Give the lines again exactly as they appear below, from the line with "This Whipped Hot" to the line with "Le portique d'entrée", both included, and only those lines. Leave every picture out.

START RECORDS TO USE

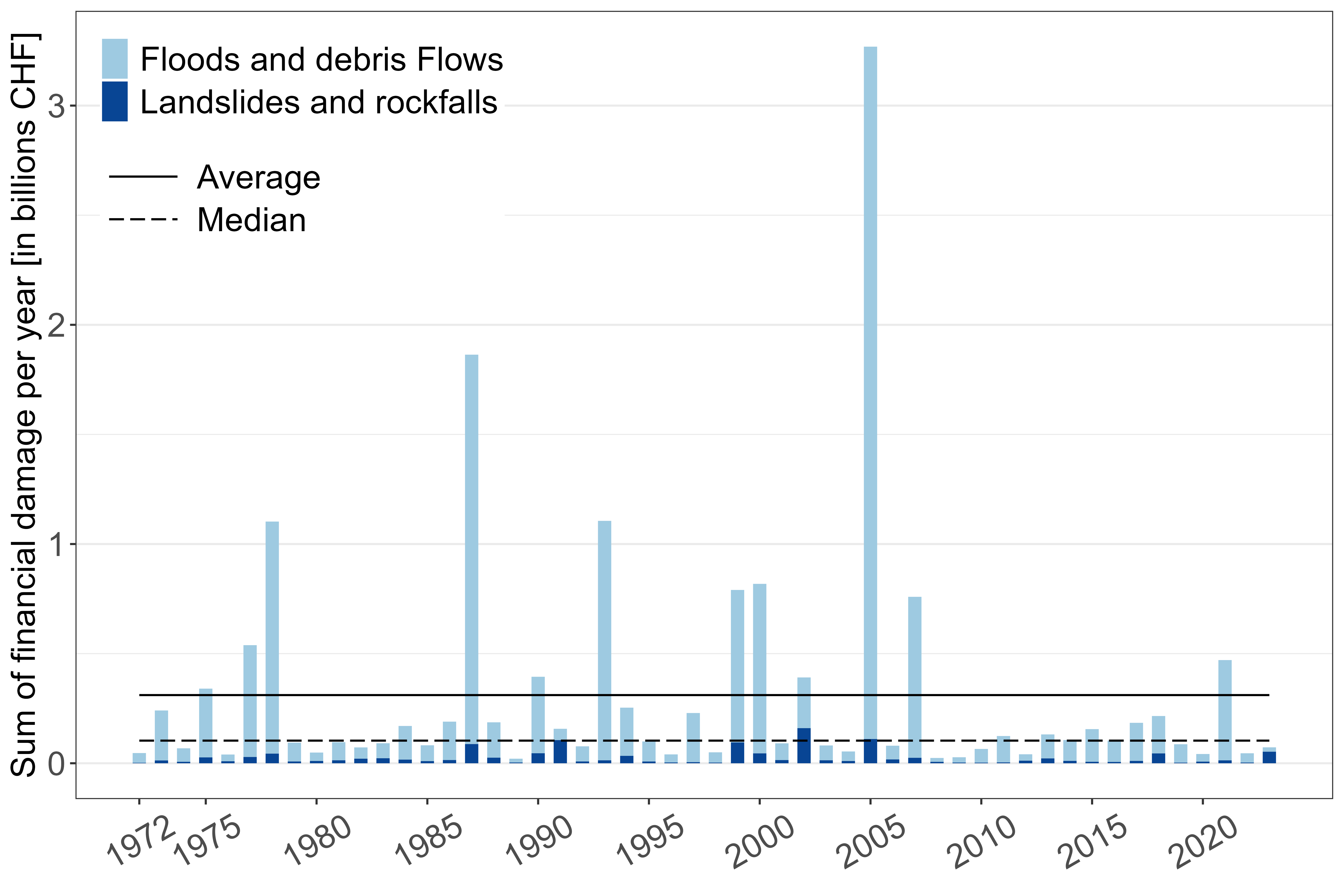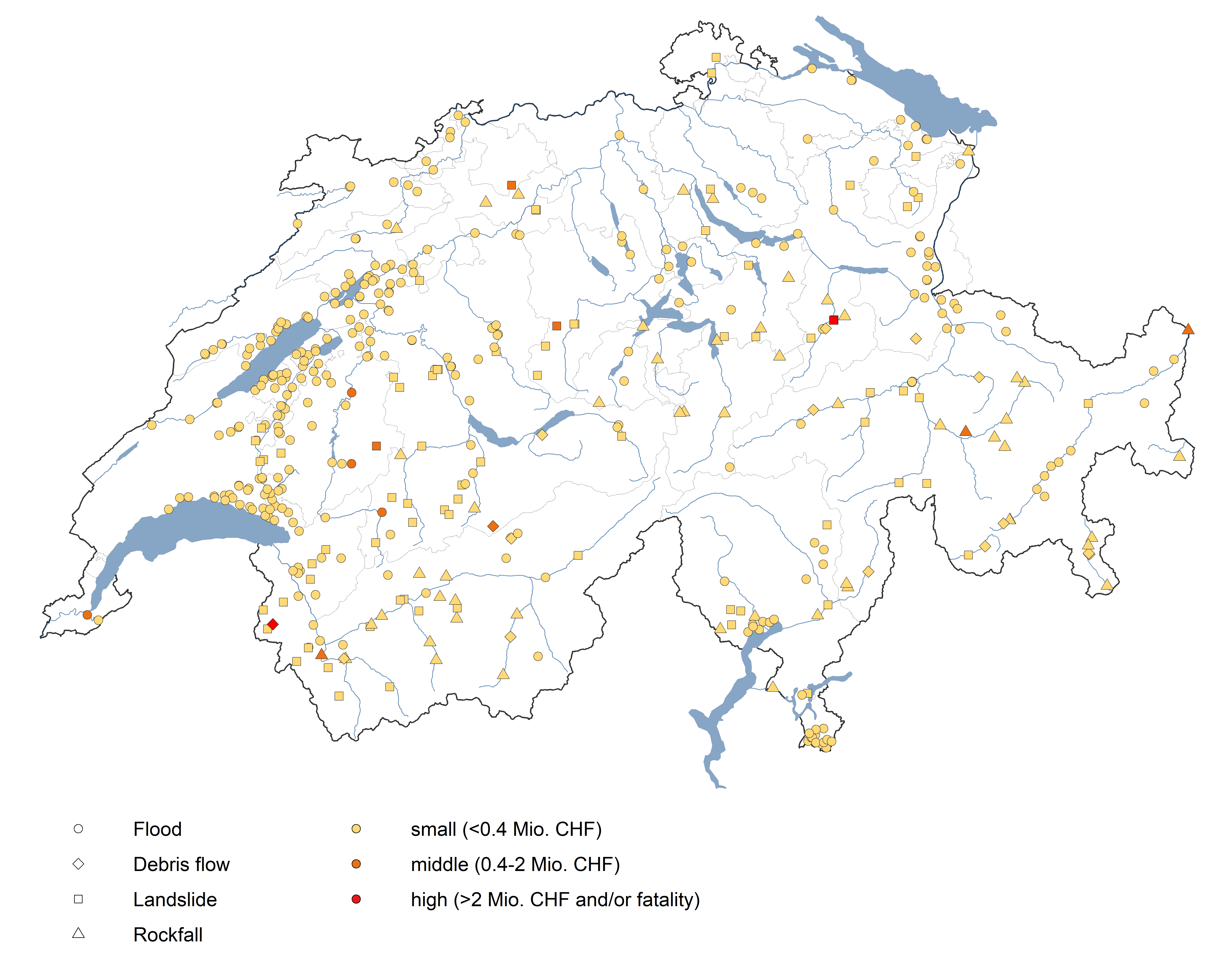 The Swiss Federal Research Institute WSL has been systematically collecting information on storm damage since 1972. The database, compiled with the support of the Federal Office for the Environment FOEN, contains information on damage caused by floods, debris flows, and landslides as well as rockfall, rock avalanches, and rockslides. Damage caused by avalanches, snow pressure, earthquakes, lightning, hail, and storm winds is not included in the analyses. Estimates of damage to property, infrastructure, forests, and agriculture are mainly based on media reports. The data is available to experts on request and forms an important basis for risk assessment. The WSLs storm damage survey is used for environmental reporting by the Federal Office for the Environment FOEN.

END RECORDS TO USE
START RECORDS TO USE

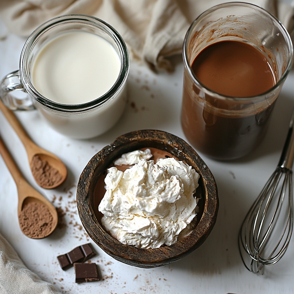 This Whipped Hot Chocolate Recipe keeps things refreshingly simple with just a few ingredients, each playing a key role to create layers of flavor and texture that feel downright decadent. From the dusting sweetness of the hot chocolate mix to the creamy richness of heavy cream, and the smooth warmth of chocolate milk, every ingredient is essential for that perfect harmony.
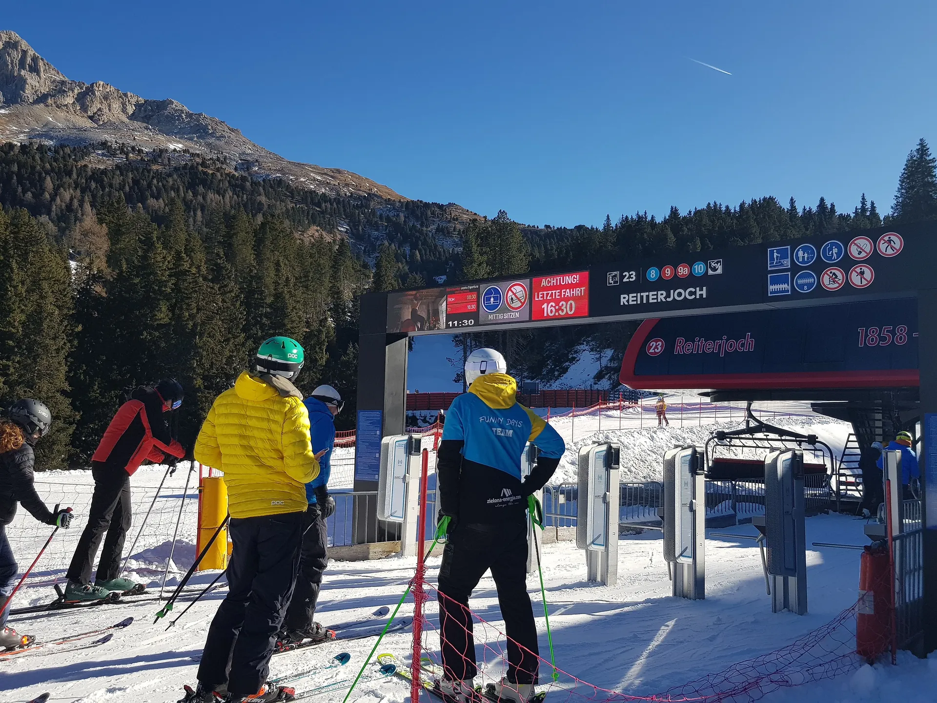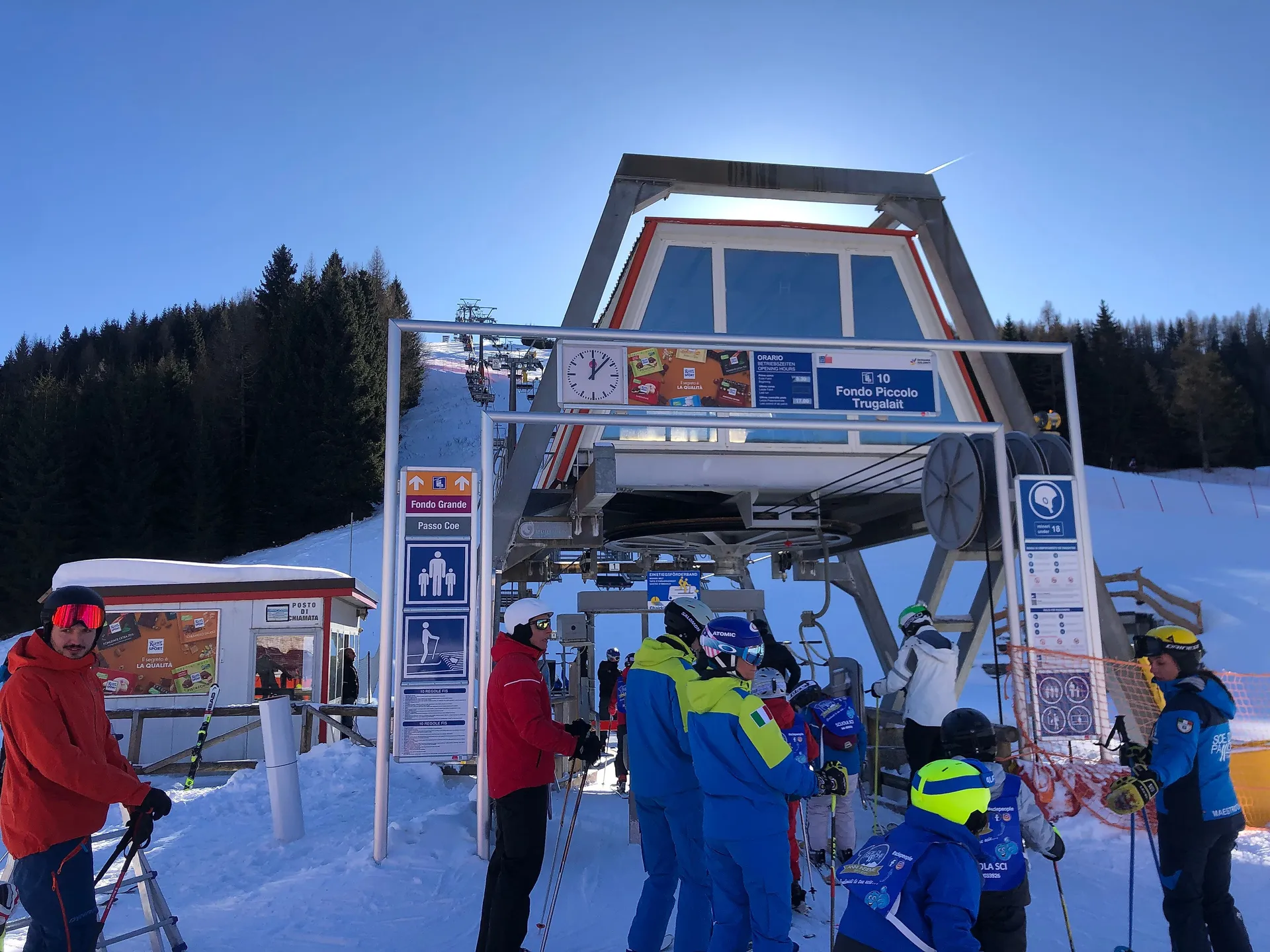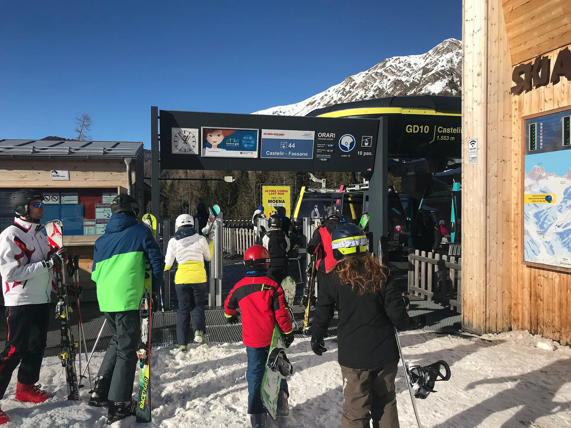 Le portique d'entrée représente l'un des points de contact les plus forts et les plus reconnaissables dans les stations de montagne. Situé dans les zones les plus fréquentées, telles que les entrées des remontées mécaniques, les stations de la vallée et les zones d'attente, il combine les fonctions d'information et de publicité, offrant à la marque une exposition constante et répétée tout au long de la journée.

END RECORDS TO USE

→ **EXERCISE SOLUTION**
 This Whipped Hot Chocolate Recipe keeps things refreshingly simple with just a few ingredients, each playing a key role to create layers of flavor and texture that feel downright decadent. From the dusting sweetness of the hot chocolate mix to the creamy richness of heavy cream, and the smooth warmth of chocolate milk, every ingredient is essential for that perfect harmony.
 Le portique d'entrée représente l'un des points de contact les plus forts et les plus reconnaissables dans les stations de montagne. Situé dans les zones les plus fréquentées, telles que les entrées des remontées mécaniques, les stations de la vallée et les zones d'attente, il combine les fonctions d'information et de publicité, offrant à la marque une exposition constante et répétée tout au long de la journée.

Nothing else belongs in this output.